Circumscribed the work to the experience of Catholic nationalism in Guadalajara, Jalisco, the information shared by the author goes beyond listing names, families, organizations, businesses, politics, violence and corruption. The regional study is a sample to understand the actions of the extreme right in Mexico and Latin America. As a good historian, the author renounces simplifying models used in the social sciences and, above all, journalism. However, as a psychologist, he also knows that theories and archetypes describe a reality that even when invisible is manifest. Everyone knows that there is no witchcraft, but that there are witches, there are.
The 4T government has suffered several attacks from internal and external groups that seek to force it not to leave the schemes that neoliberalism raised and that, perhaps, since World War II have been established. Jesuit geopolitics held Mexico hostage to the Holy See and the United States. The ideals of the Mexican revolution were contained by the structuring of the extreme right according to the anti-communist Catholicism of catacombs and, then, have not been corrected by the progressive structuring of Catholicism itself. The Jesuits owe a violent right and left, confessionals, spies and simulators.
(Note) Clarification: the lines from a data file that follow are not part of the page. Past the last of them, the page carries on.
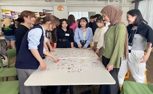 今回のコーヒーアワーでは、はじめにいくつかのグループに分かれ、それぞれのテーブルでカルタを行いました。想像以上に盛り上がり、留学生もたくさんの札をとれていました。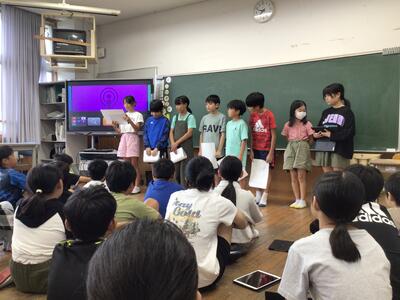 今年度、最後の代表委員会が行われました。今回の代表委員会では、5年生の新委員長から活動報告をしました。6年生が見守る中、立派に発表することができました。
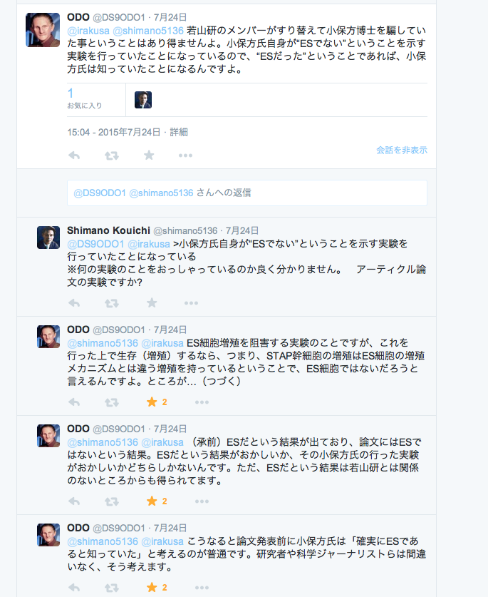 『ODOさんの小保方博士がES細胞だと知っていた証拠する発言のまとめ。』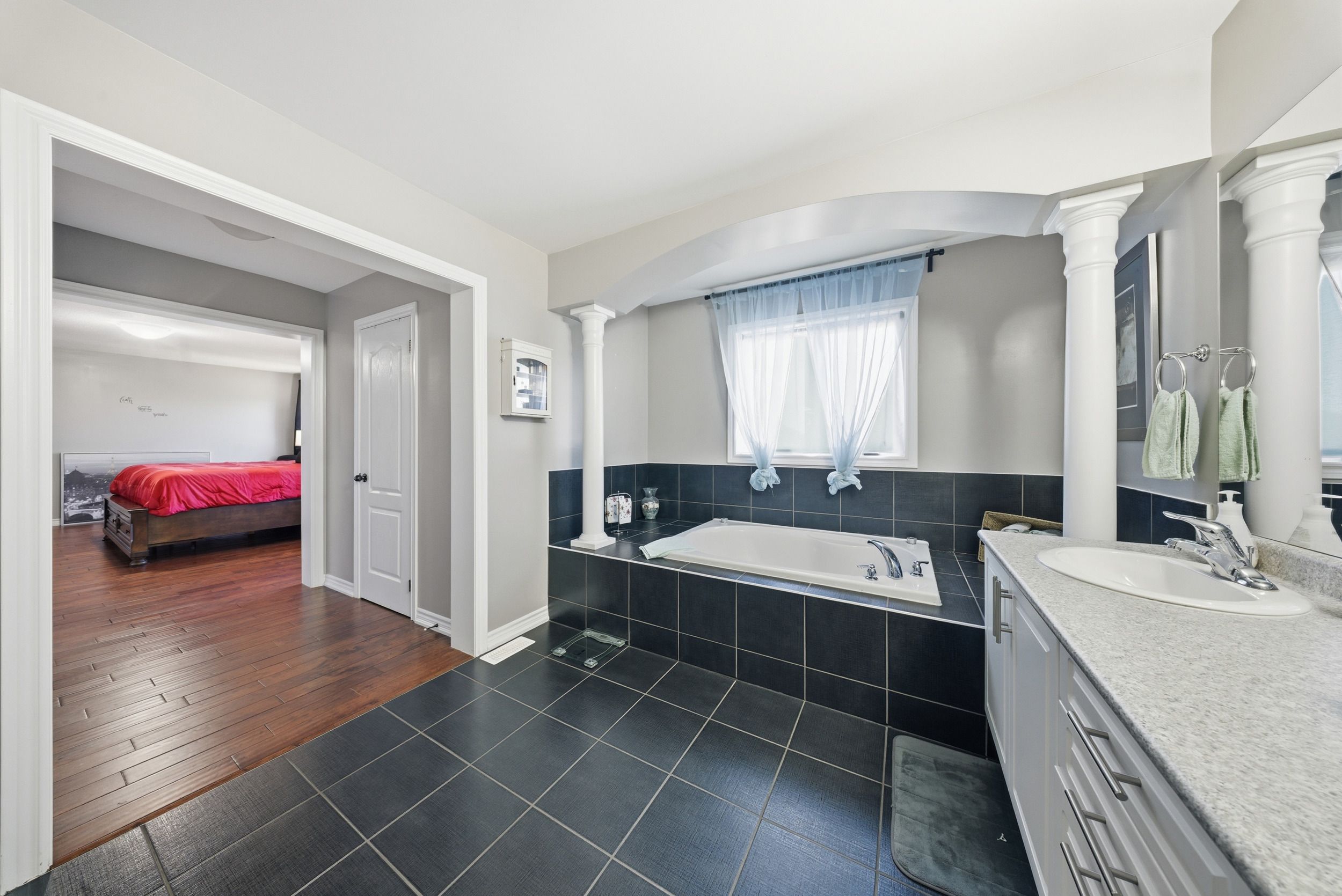 • Expansive primary suite with walk-in closet and luxurious ensuite bathroom.

The experience of education in Guadalajara is also the sample button to understand the country's school institutions. Education remains the eternal battlefield between conservative, classist, colonial and counter-reformist thinking against true and liberating enlightenment. Unfortunately, as the author maintains, in all cases militancy and recruitment matter more than academic probity. Education allows the incorporation of new elements into the ruling classes of the country as well as the exposure of the values, uses and customs that the social order keeps. From there you must understand the possibility of social change and modernization.
Samuel Schmidt had described the failed Mexican democracy as a supplanted state where factual powers (drug trafficking, religion and mass media) imposed government agendas and structured the social order. With all this, and despite greater scientific elements, Fernando M. González refuses to point out that the Ecclesiastical Hierarchy is the tail that moves the dog of social control in our country. His work provides significant data to understand the evolution of Jalisco Nazifascism, but leaves many questions unanswered. What is the meaning of so many discrete and reserved organizations? What is the purpose of thousands of confessional educational institutions? Why do Catholic nationalists infiltrate and spy on all elements of the social order? Why eliminate and hurt thousands of communists, opponents, dissidents and freethinkers? How did you become experts in defamation and persecution campaigns? Why does the clerical bureaucracy have so much economic power and appears attached to the business sector?
Finally, there are scandalous silences. Unveiling the catacombs of the extreme right does not imply recognizing that their time has run out, or that their mechanisms are no longer operational in today's society; they are the most public secret societies; but, also, those that have enormous potential for convocation, economic capacity and dark propaganda. The experience of the Rosicrucian Freemasonry and the different American security agencies, which allow their exposure when nothing can affect them, when they have the helm and have set a course, comes up; perhaps when, under the guise of denunciation, what they are really after is sending a message to their detractors and at the same time renewing their structures. Thus, with everything and its silences, the book indicates the magnitude of the Great Catholic Conspiracy.